You need thorough documentation and a social/emotional history on the individual. For example, if a Right at Home caregiver walks into a new client’s house and the client, who has dementia, has never had breakfast before 10 a.m. and the caregiver tries to get the client to eat at 8:30 a.m., the caregiver will have a problem. You need the social/emotional history and personal data to validate and redirect.

A few other communication tips include the following:

Use short, simple sentences. Talk slowly. When a caregiver walks into a home to take care of somebody with dementia, whatever energy the caregiver brings, the person with dementia is going to pick up on it. For example, if I’ve just had an argument with my husband and haven’t quite cleared myself of that and I go in to take care of Sally, she’s going to pick up on that energy quick—that’s the client with dementia’s nonverbal intuitiveness. If you’re sad, if you’re happy, if you’re anxious, they will know.

Use eye contact. When you look at anyone, you’re telling that person you care about them, that they are a priority, and that you’re listening. I tell home caregivers all the time, when you go to a client with dementia’s home, the person may not have any words, so engage them in eye contact and listen for feelings. The more you get to know the person, the more you know when they’re anxious or sad, and then you can put words to their feelings even when they don’t have words.

Be proactive with communication. Let’s say your loved one with dementia slips into what is called “sundowning,” when they have confusion or agitated behaviors in late afternoon or early evening. It is difficult when the behavior occurs to try to talk the person with dementia into doing something else or validate and redirect them. Instead, if you know the person experiences sundowning at 4:30 p.m. or so every day and you’re just waiting for the behavior to happen, you can become proactive and engage the person in an activity ahead of time. Take them for a walk or do an art project. As a family member or professional caregiver, choose to be proactive rather than reactive and waiting for the sundowning to occur.

Focus on what the person can still do, rather than on what they can’t do. That’s a communication strategy in terms of modifying the activities for the person with dementia. Let’s say our client was always a good cook, but now she can’t process all the steps in a recipe. But if you cut up or measure all the ingredients, maybe she can still put the ingredients in the skillet or bowl and stir them. As the dementia progresses and the client becomes bedbound, you may be able to take her in a wheelchair to the kitchen and let her smell the ingredients. That’s still activating her senses, which is good for her brain, and she’s still getting some enjoyment out of that.

What advice do you have for family caregivers of loved ones with dementia?

Practice self-care. The most important thing is your own self-care. It sounds counterintuitive, because if you’re a family caregiver, you’re a giver, and you tend to put your loved one first. But if you don’t take care of yourself, I guarantee you, you’re not going to be well enough or even around to take care of your loved one with dementia.

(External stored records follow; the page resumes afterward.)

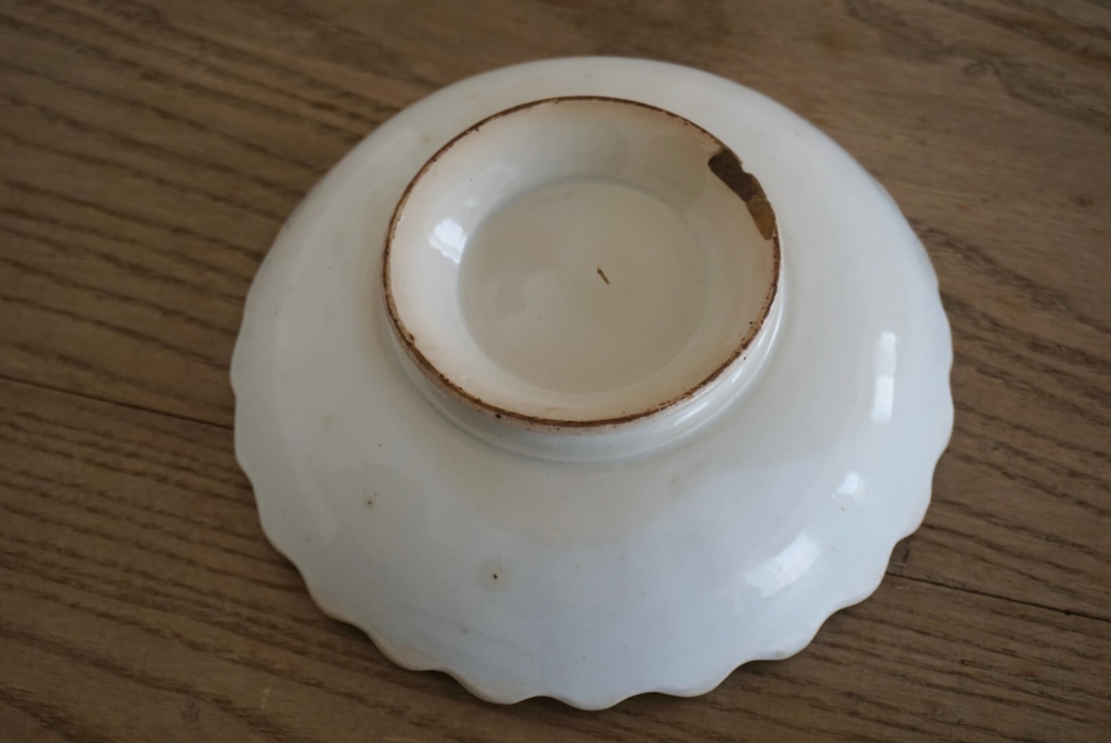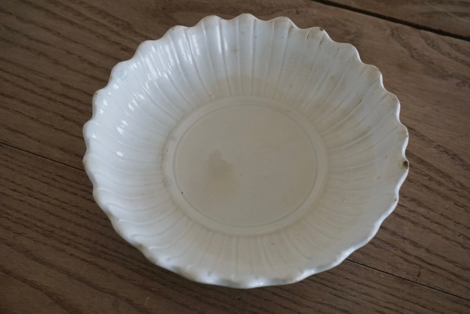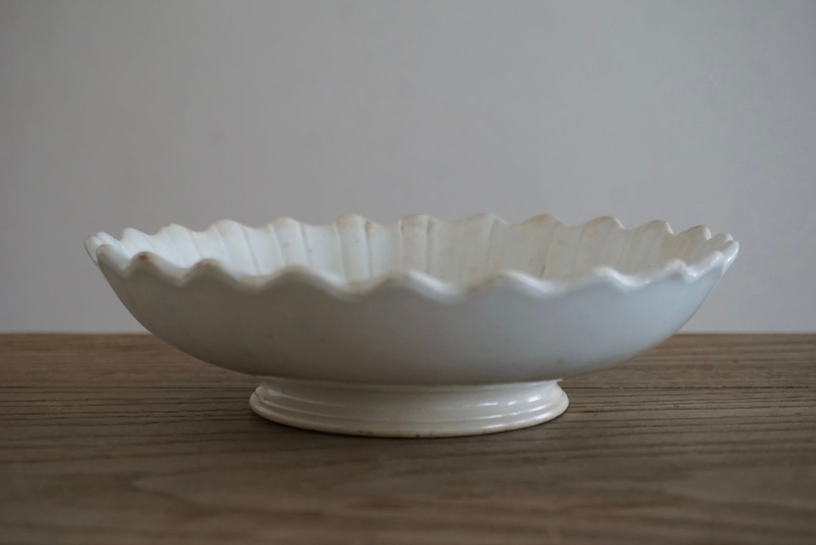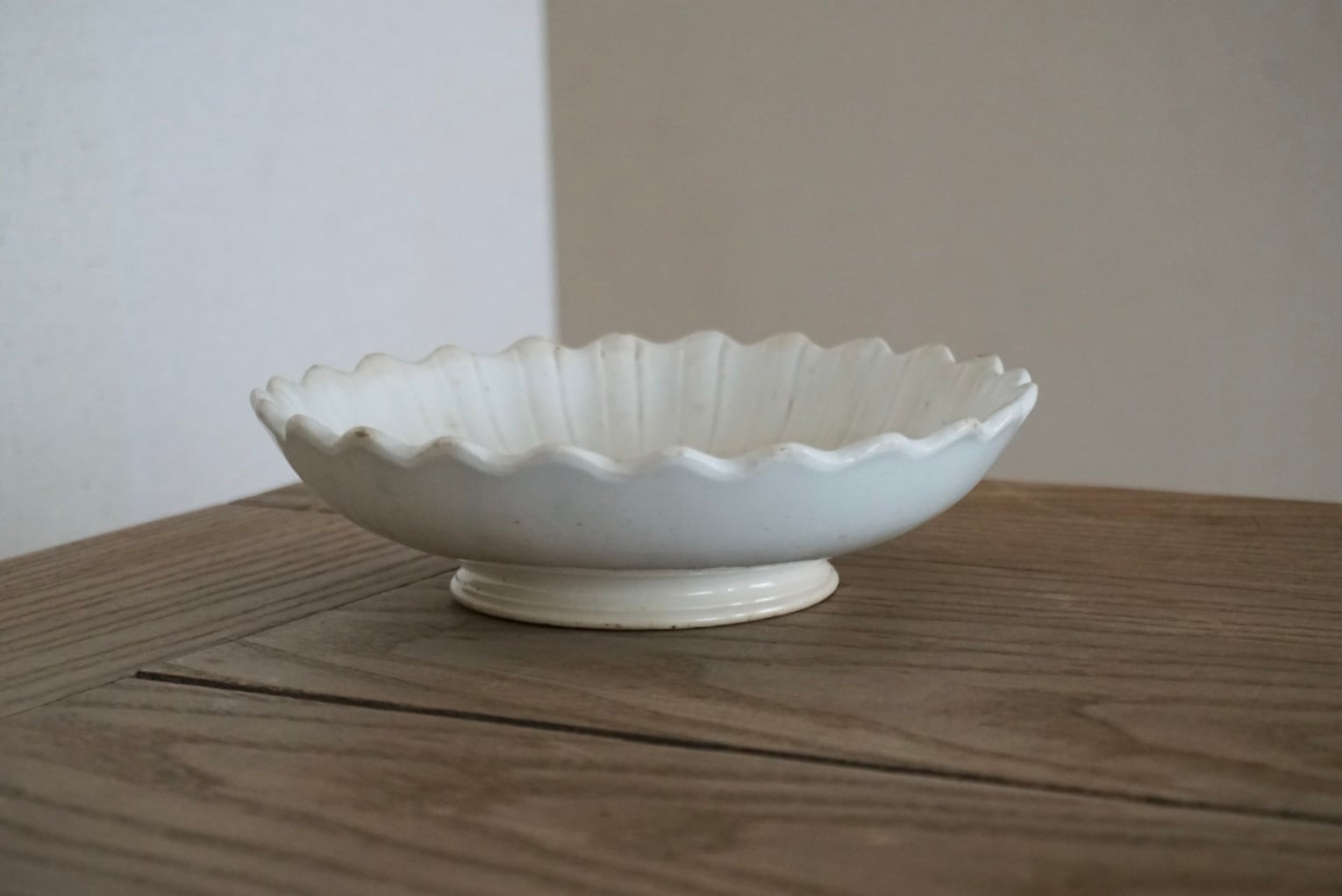 フランスで見つけた、とても良い雰囲気を纏った輪花鉢です。コンポティエのように少し高さがついていて、横から見た時に花が咲いているように見えるシルエットもとても美しいです。和骨董や和食との相性も抜群です。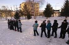 Для учащихся 1 классов школы № 1, в Парке Победы педагоги ДДТ провели игровую прогроамму "Зимние забавы".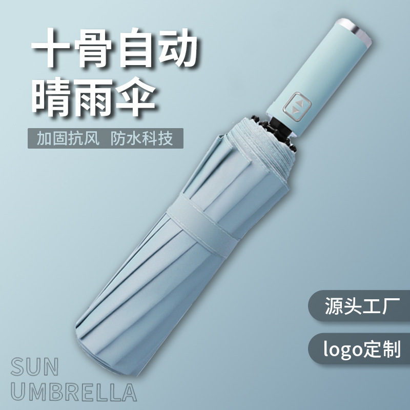 • 十骨全自动大号商务广告伞晴雨伞黑胶防嗮三折叠伞礼品太阳伞批发

So stay in touch with your friends, go out for coffee, keep up with your exercise program, eat well, and try to sleep well.

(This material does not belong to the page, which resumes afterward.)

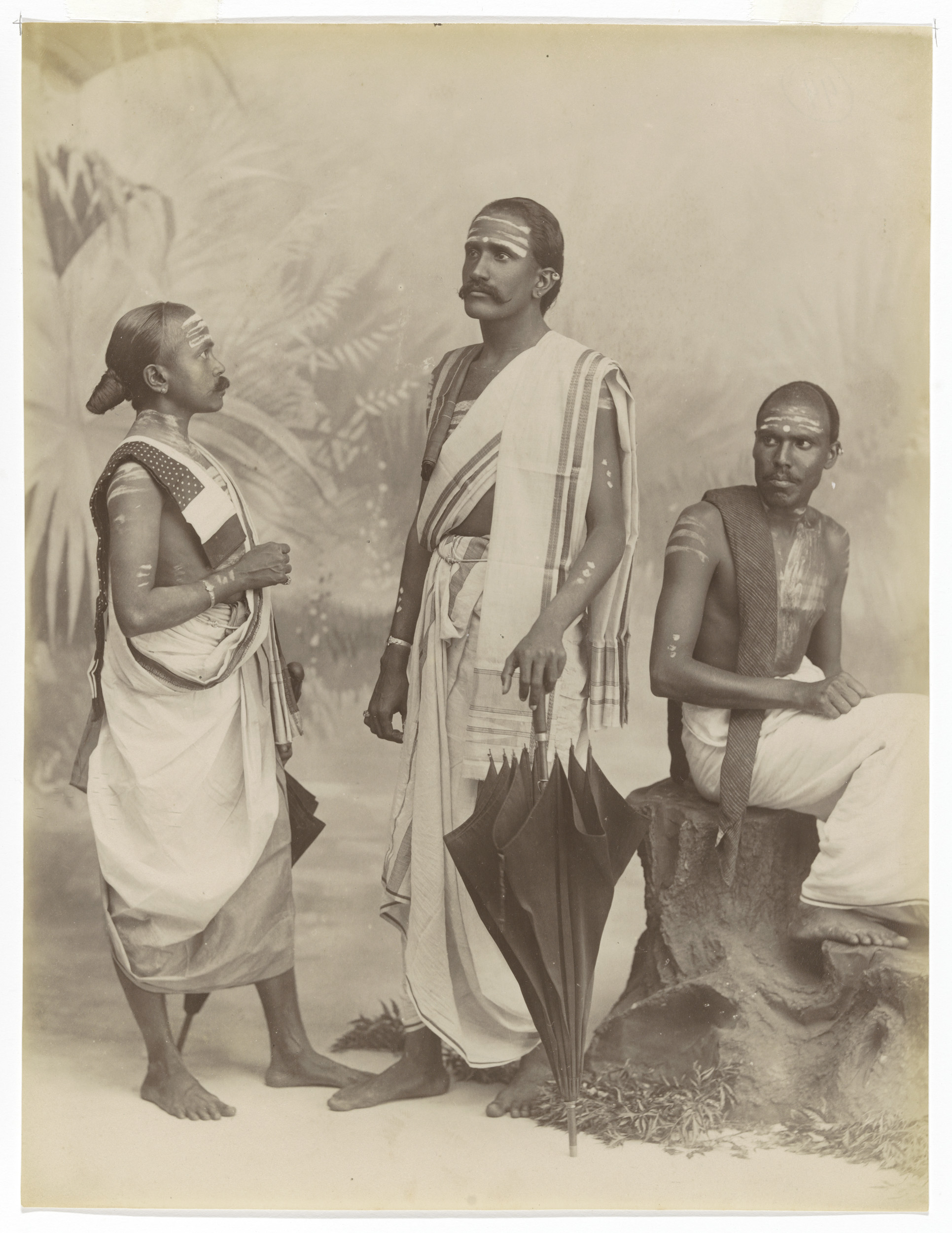 Studio portrait of three unknown Tamil priests, Sri ...

Pace yourself. There are a lot of family members, especially spouses, who’ll say, “No, no, no. I’ve got this.” No, you do not have this. If you go at a pace that’s so fast, thinking you’re only running a couple of miles, and then you get one mile into dementia care and realize that this is a marathon and you’ve got 25+ miles to go, you’re going to burn out.

Recognize that you are not alone. Don’t let yourself get isolated. Ask for help and accept help when it’s offered. Call Right at Home, which can send resources and “A Guide for Those Supporting Loved Ones With Dementia or Cognitive Change,” or set you up with home care or respite care. Call the Alzheimer’s Association. Support groups are available. Talk with other people who are in the same boat, so you won’t feel so alone. Practice self-care, pace yourself and know you’re not alone. And please don’t be afraid to ask for help. We are all here for you.